В моём случае всё было не так. Мне действительно нравились мужчины. Женщины были как кукла на витрине – красиво, смотреть приятно, взять в руки и поддержать – тоже. Но ты же не станешь жить с куклой, правда? Так и я не понимал, как можно всерьёз говорить с женщиной о чём-то? Доверять ей. Мне эти фарфоровые статуэтки казались ужасно обременительными, ведь любое неосторожное слово, взгляд, действие – и случится непоправимое. Ты причинишь ей боль, моральную или физическую, ты будешь должен нести за неё ответственность, а мне… я не хотел ответственности.
– Сколько тебе было тогда лет?
– Да почти столько же, сколько и сейчас, – тихо засмеялся Ральф. – Если не считать двух сотен лет, что я проспал, будто Спящая Красавица.
– Значит, женщины тебе не нравятся и ты – стопроцентный гей? Знаешь, – поморщилась я – я бы не обиделась, если бы ты не делал для меня исключений. Какое-то оно не слишком приятное. Я не фарфоровая кукла, как твои кузины, и я в тебя не влюблена, но всё равно это как-то… неприятно.
– Не делай поспешных выводов.
– Это как понять?
– Взгляды со временем меняются.
– А вот это – вряд ли. В любом случае, не желаю быть твоей «бородой».
– Бородой?
– Девушкой для прикрытия истинной ориентации.
– Я изменил свою ориентацию задолго до встречи с тобой. Хотя… уж лучше бы не менял, – вздохнул он.
– То есть, хочешь сказать, что твой рассказ ещё не закончен?
– Да он только начат, – тихо засмеялся Ральф. – Можно сказать, что всё сказанное только присказка – сказка впереди.
– Я тебя слушаю.
– В общем, как и полагается выродку, я казался паршивой овцой даже в стаде паршивых баранов. Моя зависимость от наркотиков, боли и секса с каждым днём становилась всё более паталогической.
– Даже на фоне остальных, не слишком здоровых на голову, родственников?

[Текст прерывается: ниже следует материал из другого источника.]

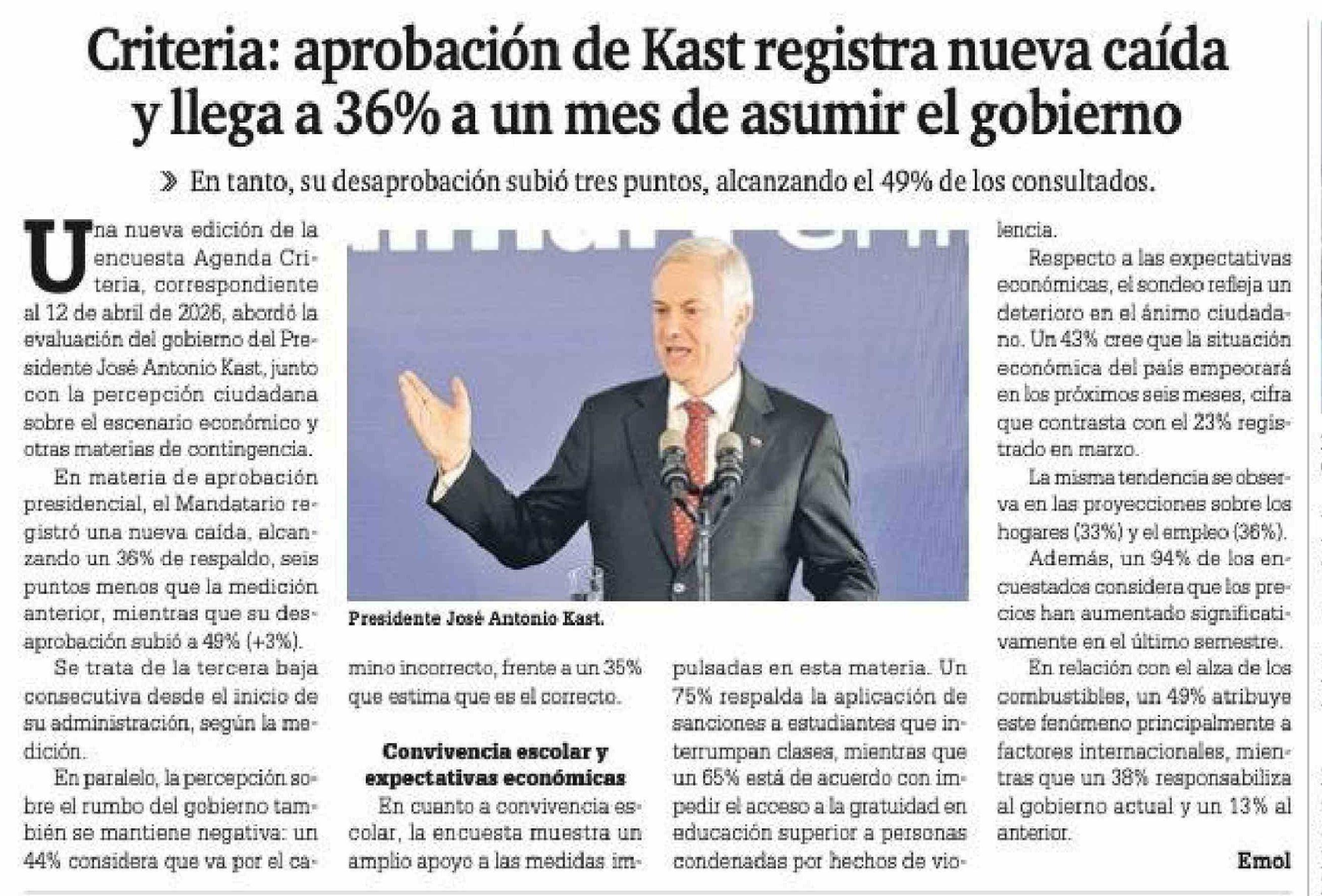 Criteria: aprobación de Kast registra nueva caída y llega a 36% a un mes de asumir el gobierno

– Ты удивишься, но Элленджайты вовсе не были такими уж безнравственными, как их окрестила молва. Семейный ценности в Хрустальном доме чтились свято. Создав семью, выбрав пару, никто из них практически никогда друг другу не изменял. Это было моветоном, нонсенсом. Девушки из нашего рода, если и лишались невинности до свадьбы, но обычно с теми же, за кого потом выходили замуж, от кого растили детей. Во многих случаях они вели себя куда достойнее других женщин. По крайней мере замуж они шли по любви, а не по рассчёту.
– За своих же кузенов?
– Девочек в роду всегда рождалось меньше, чем мальчиков. Так что и приток свежей крови вполне случался. Но ты права. Если мужчины и женились на женщинах не из рода, то девочки всегда выходили замуж за своих же. Это не было правилом, никто никого с детских лет друг за друга не сватал – просто так получалось. То, что кузины увлекались своими же кузенами вполне объяснимо. Какой мужчина может не потеряться на нашем фоне?

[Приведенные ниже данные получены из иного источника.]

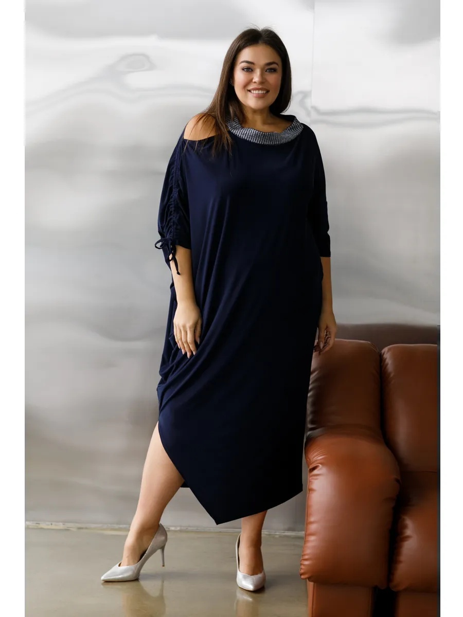 Первая модель сразу привлекает внимание асимметрией и сложным, но очень стильным кроем. Сочетание спущенного плеча с одного бока и летучей мыши с другого создаёт динамичный, современный силуэт, который отвлекает внимание от проблемных зон и фокусирует его на интересном дизайне. Трикотаж «масло» — отличный выбор для длительных мероприятий: он пластичный, приятный к телу и не сковывает движений.

– Скромненькое наблюдение.
– Что говорить о женщинах? Я не помню ни одного мужчины, пусть трижды женатого и гендеро-ориентированного, который отказал бы мне? Можно лицемерить, но у нас есть преимущество перед другими людьми даже тогда, когда мы нищие. Отрицать это – лгать. Зачем это?
– Ты прав, наверное. Продолжай.
– Как я уже и сказал, безнравственность вовсе не поощрялась среди Элленджайтов. Всё излишества приходились на период взросления, там чего только не происходило, но взрослые всегда старались направлять молодёжь по правильной дороге, прививая правильные нравственные ценности и ориентиры. Ты не поверишь, но в моё время никто в семье из мужской половины не спал ни с сыновьями, ни с племянниками, ни с братьями или кузенами. Исключением становились кузины, но тут, обычно, речь шла не об интрижке, а о вполне серьёзных чувствах. Подобные отношения заканчивались свадьбой. Это было не то, что негласным правилом… просто невозможно было представить, чтобы в семье завелась подобная грязь.
– Да, я так и поняла. История, предшествующая твоему появлению на свет – показательный пример чистых нравов Элленджайтов того времени.
– Это было шокирующим исключением из правил, болезненным и травмирующим. На меня и смотрели, как на… ну, если и не совсем урода, то как не на здорового. В каждом обращённом на меня взгляде я читал любопытство, осуждение и ожидание чего-то особенного, из ряда вон выходящего, порочного. Я и чувствовал себя экзотическим зверьком. С одной стороны, изо всех сил стараясь вписаться с окружающие меня правила и стать своим, с другой – постоянно чувствуя свою несхожесть даже с ними, такими отличными от всего остального мира.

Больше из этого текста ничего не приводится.